告诉他出门的方法,送他离开后,一直坐在树枝上,掏出笛子吹奏起二十年前师兄教的曲,送君一别两宽,声起故人送,曲停终离别。
师姐走上前来:“你这是把他放走了吗?大仇报了吗?”
泯然一笑跳下树:“师傅说的不错,仇恨并不能使人成长,冤冤相报何时了,以前的仇恨我淡忘很多,他已经是重伤之人,接下数年内,恐怕没有办法可以在江湖掀起腥风血雨,况且我们还有那么多事情要去做,又干嘛对他上心”

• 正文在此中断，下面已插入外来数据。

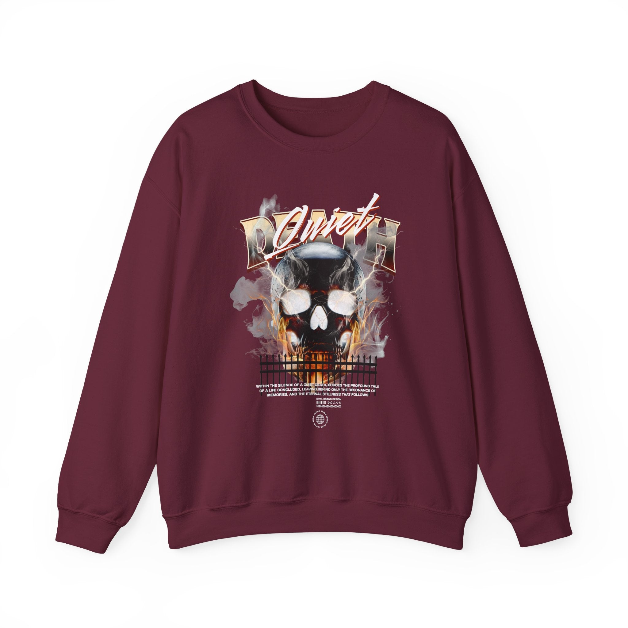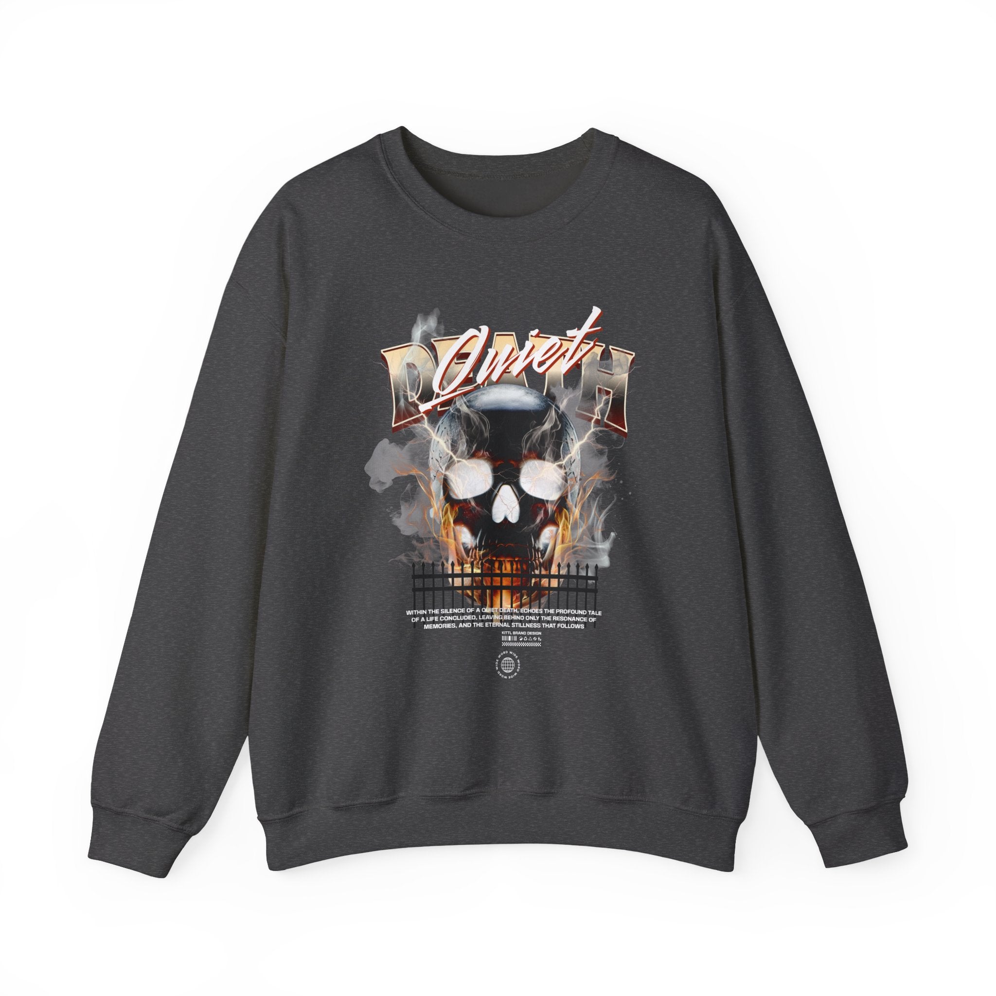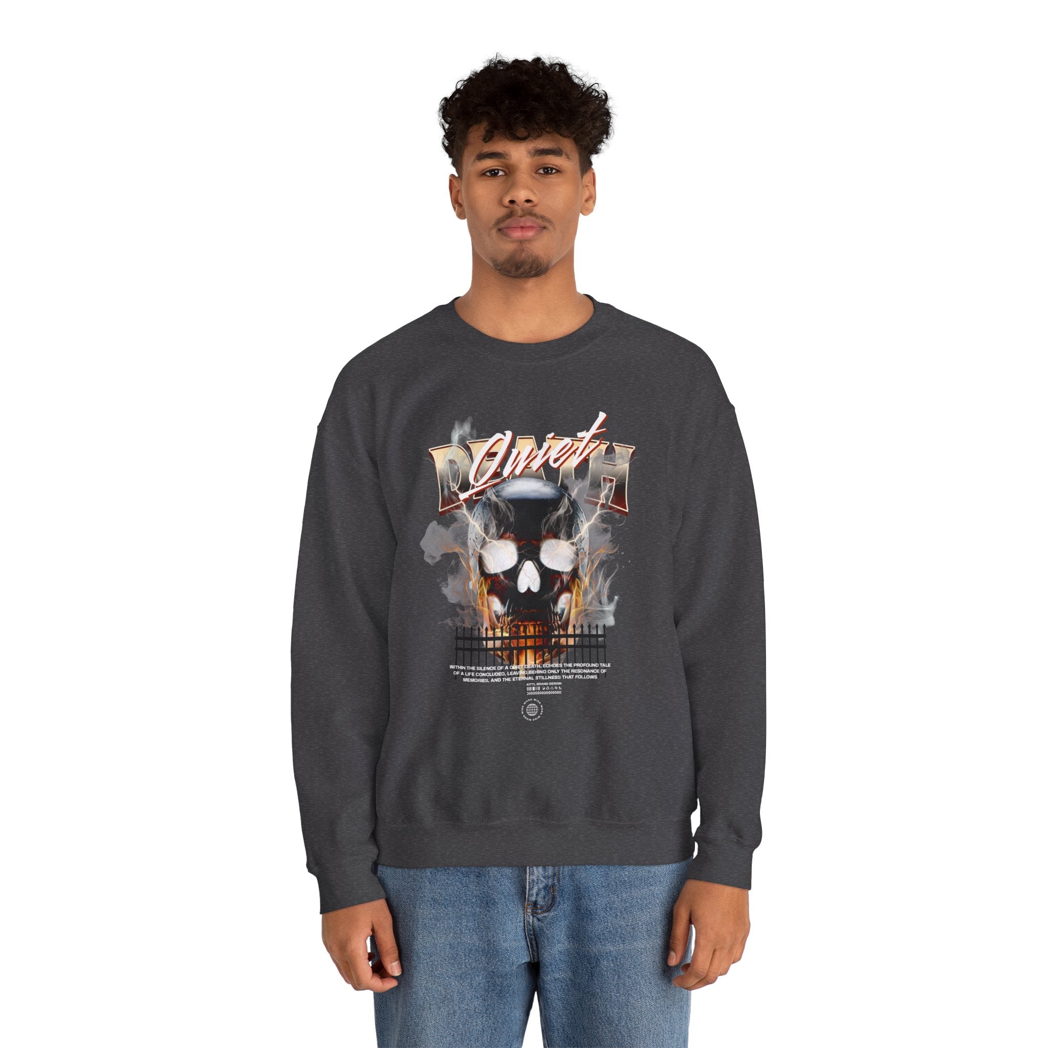 The Death Silence Unisex Heavy Blend™ Crewneck Sweatshirt is a bold mix of dark gothic streetwear and fiery symbolism. Featuring a smoke and flame engulfed skull with distressed gothic lettering, this pullover captures the essence of rebellion, mortality, and the shadows of silence. Built for those who crave gothic fashion, skull art, and horror-inspired style, it’s a true statement piece.

拍他的肩膀:“小子挺有觉悟嘛,出去一趟简直变了个人,还能说出如此深意的话”
伸手搭着她的肩膀:“我还得继续出门,师傅叫去剑宗的选拔,难说又可以挣到一大笔,接下来的杏红阁,就交给我们的大管事咯”
打闹着往前去
婕然:“喂,替我刺他几剑没?”
郭品:“何止几剑,若是不帮他疗伤,恐怕昨夜就已经死了”
婕然:“还真是的,刺都刺了何必还救”
郭品:“师傅都没叫杀人,总不能让他死吧”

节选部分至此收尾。